Value, of course, almost never equals cost. The Neymar transfer may have been an outlier—remember: PSG more than doubled the world-record transfer fee—but, according to a source who helps various European clubs make investment decisions, it’s inflated the way that top clubs value their players on their balance sheets. If Liverpool can sell Coutinho for £142 million, then why wouldn’t, say, Chelsea value Eden Hazard at around the same price?
And yet, even though Delaney suggests that Barça has already spent the immediate profit from the Neymar deal on the €105 million deal for Borussia Dortmund’s Ousmane Dembélé and the new contract for Lionel Messi that runs through 2021, spending a further £142 million on Coutinho isn’t as wild as it might sound. Historically, top teams spend around 20 percent of their revenue on record signings, and Coutinho would come in right around that number.
(An intriguing subplot: Another source, who advises clubs on transfers and managerial appointments, told to me that, come the fall, Barcelona and other top clubs may push UEFA to punish PSG for running afoul of Financial Fair Play regulations. However, Barcelona won’t be able to do that if their finances aren’t in line, so the club is likely being super-careful about what and how it spends.)
While all the reporting out of England since this past summer suggested that a move wouldn’t happen until next summer, that suddenly shifted. In the previous transfer window, Liverpool refused to sell, Coutinho didn’t play for a few weeks to start the season, and then he came back and performed as well as he ever has. It’s clear that Coutinho, who came to Liverpool from Inter Milan in 2013 on a (yes) €13 million deal, wanted to leave: Barcelona are just a bigger and better club, and even though he was the highest-paid player at Liverpool, he’ll make even more in Spain. But Liverpool manager Jurgen Klopp could’ve tried to hold firm again and hopefully see out the season with his star attacker in the squad. Something changed—maybe the money was too much to turn down, maybe the manager got fed up with the never-ending drama, maybe Liverpool have lined up replacements—and now the Reds have to rejigger a team that’s aiming for a top-four Premier League finish and a deep Champions League run on the fly.
Naby Keita is one of the best midfielders in the world—a clear Coutinho-as-midfielder replacement, and possibly even an upgrade—and he’s already locked in for next summer after Liverpool agreed to a fee with RB Leipzig last August. Plus, the emergence of Mohamed Salah, who’s not only been one of the best players on Liverpool but one of the best players on the planet, full stop, eases Coutinho’s exit in a way not even the biggest boosters of the Egyptian winger could’ve imagined when he arrived from Roma four months ago.
But it’s still a letdown for the club, as the quartet of Coutinho, Salah, Roberto Firmino, and Sadio Mané still haven’t met a defense they couldn’t turn into rubble.

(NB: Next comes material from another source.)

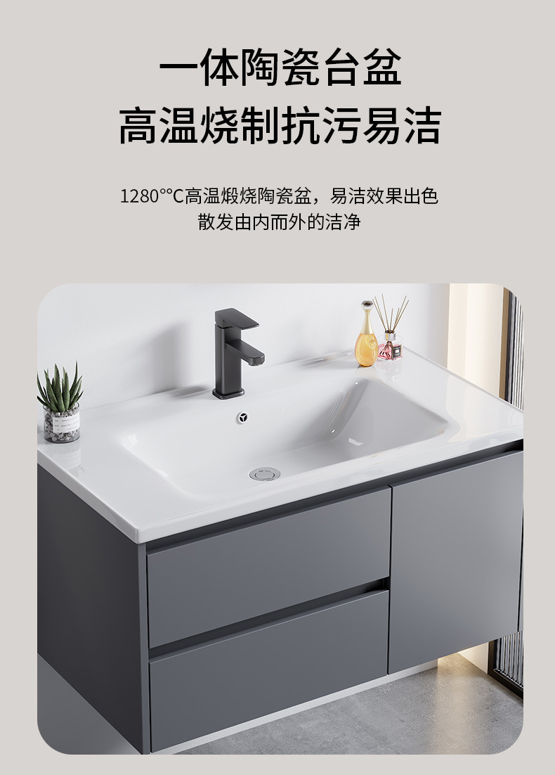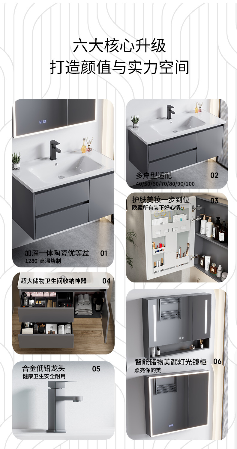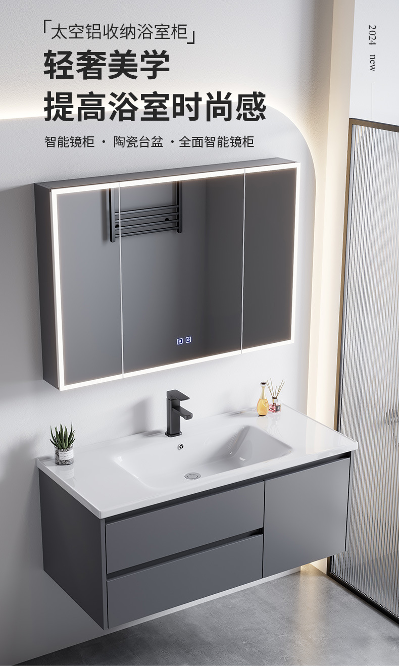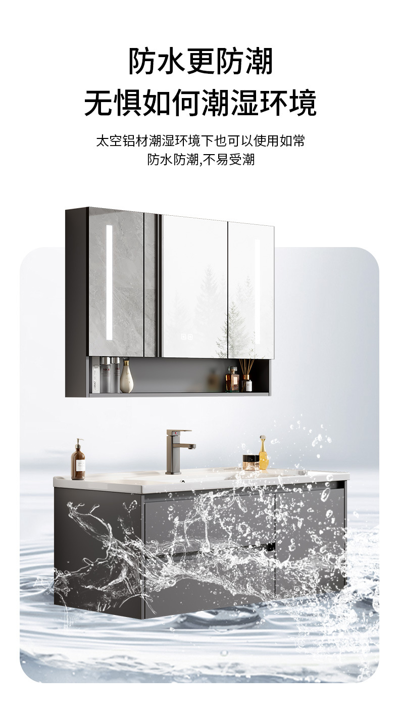 Cajón de aluminio de aluminio espacial gabinete de baño cerámica todo en una bañera sellado inteligente gabinete de espejo de almacenamiento conjunto de gabinete de lavabo de baño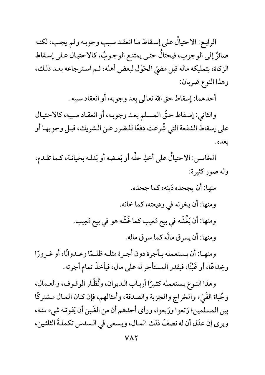 الرابع: الاحتيالُ على إسقاط ما انعقد سبب وجوبه ولم يجب، لكنه صائرٌ إلى الوجوب، فيحتالُ حتى يمتنع الوجوبُ، كالاحتيال على إسقاط الزكاة، بتمليكه ماله قبل مضيّ الحَوْل لبعض أهله، ثم استرجاعه بعد ذلك، وهذا النوع ضربان:

The team is currently in fourth in the Premier League, but the underlying metrics suggest that they’re even better: FiveThirtyEight rates them as not just the second-best team in England, but the best team in the world outside of Barça, Bayern Munich, Manchester City, PSG, Real Madrid, and Juventus. The team’s biggest weakness is a defense that concedes the third-fewest shots of any team in Europe but has somehow still allowed more goals than five teams in England. However, the club addressed that issue head on and just broke the world record for a defender in acquiring Virgil van Dijk from Southampton for £75 million. With the Dutch international in tow, the second half of the year promised something special.
Thanks to their ability to reinvest the money in multiple positions and with a front office that’s been close-to-perfect in player acquisition over the past few transfer windows, Liverpool might even be better off in the long term, but they won’t be getting any better this season. Somehow, you can say the same thing about Barcelona.